Quality Markets
- Company type: Subsidiary of Tops Markets LLC
- Industry: Retail (Grocery)
- Founded: 1913
- Defunct: August 2010
- Headquarters: Williamsville, New York (headquarters) locations = 26 Stores
- Products: Bakery, dairy, deli, frozen foods, general grocery, meat, pharmacy, produce, seafood, snacks
- Website: www.topsmarkets.com

= Quality Markets =

American supermarket chain

Quality Markets was an American supermarket chain, with stores in Western New York and northwestern Pennsylvania. It was a subsidiary of Penn Traffic, but is now a division of Tops Markets LLC.

== History ==
The first Quality Markets store opened in Jamestown, New York in 1913, and spread into Pennsylvania by the 1930s. They became a subsidiary of Penn Traffic in 1979. They opened their first stores in Buffalo, New York in 1993.

According to their website, they were the first chain store in Western New York to use barcode scanners at the checkout.
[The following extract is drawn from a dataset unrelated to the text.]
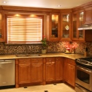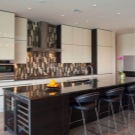 Дължината на гърба зависи от дължината на кухненския модул и позицията на печката и мивката в кухнята. Ако те са в края на групата (в една или различна), тогава трябва да бъде защитена допълнителна част от стената (50-70 см или от размера на дълбочината на работната повърхност – от стената до външния ръб ). Ако страничното прилягане (т.е. позицията на шкафовете на стената по дължината) в горната и долната част на слушалките съвпадат, престилката може да бъде направена права (включително тази част от стената, покрита с други мебели или уреди) или с леко надбавка по дължината. Ако не, тогава в зависимост от материала и неговата дебелина, ъгълът е заоблен или оставен прав.
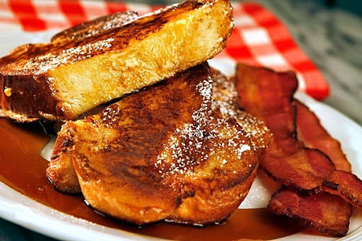 5. Slice each piece of toast in half and plate 3 half slices on each of 4 plates. Dust each with powdered sugar, if desired, and serve with warm maple syrup.

After the parent company's third bankruptcy and sale to Tops Markets LLC, Quality stores were converted to Tops by the end of August 2010, along with sister stores P&C and BiLo/Riverside.

==Litigation==
For much of the mid-to-late 1990s, Quality Markets was embroiled in antitrust litigation with its eventual successor, Tops Markets. The lawsuit against Quality was based on allegations that they conspired with a local developer to prevent Tops from entering the local Jamestown market.